As someone who is paid to write about my travels, I am aware that I’m in a very privileged position. Recently, however, I have begun to wonder whether my own approach to documenting the globe’s many highlights has lost some of its luster.
The protagonist in this malaise is a good friend whose social media fabulosity puts my meager offerings to shame. While she floods her Instagram and Facebook feeds with images of sky-high drinking dens, liquid sunsets and Champagne pool parties with babes and buff barmen in Asia’s most stirring cities and settings, my own efforts at engagement are somewhat less glamorous.

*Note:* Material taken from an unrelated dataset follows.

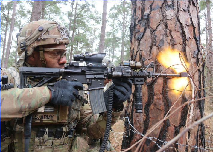
A Soldier with 1BCT fires on enemy combatants with his M4 Carbine during JRTC rotation 19-04 at Fort Polk, LA, Feb. 23, 2019.

On a recent visit to Sapa in the north of Vietnam, the best I could muster was a shot of a deformed fiberglass rendition of Scooby Doo giving everyone the finger.
I “like” (but don’t actually love) nearly everything she posts, because (a) she is a friend and (b) I’m as disingenuous on social media as the next person. Pettily, I don’t appreciate her posts because they tend to gain way more traction than my pithy observations about racist toothpaste brands in Thailand and suggestive menu misspellings in India.
Most of all, though, I don’t adore them because they aren’t even particularly representative of how she feels about traveling. On a recent trip with her, to Annapurna base camp in Nepal, hours were lost as she paused for a succession of interminable photo shoots.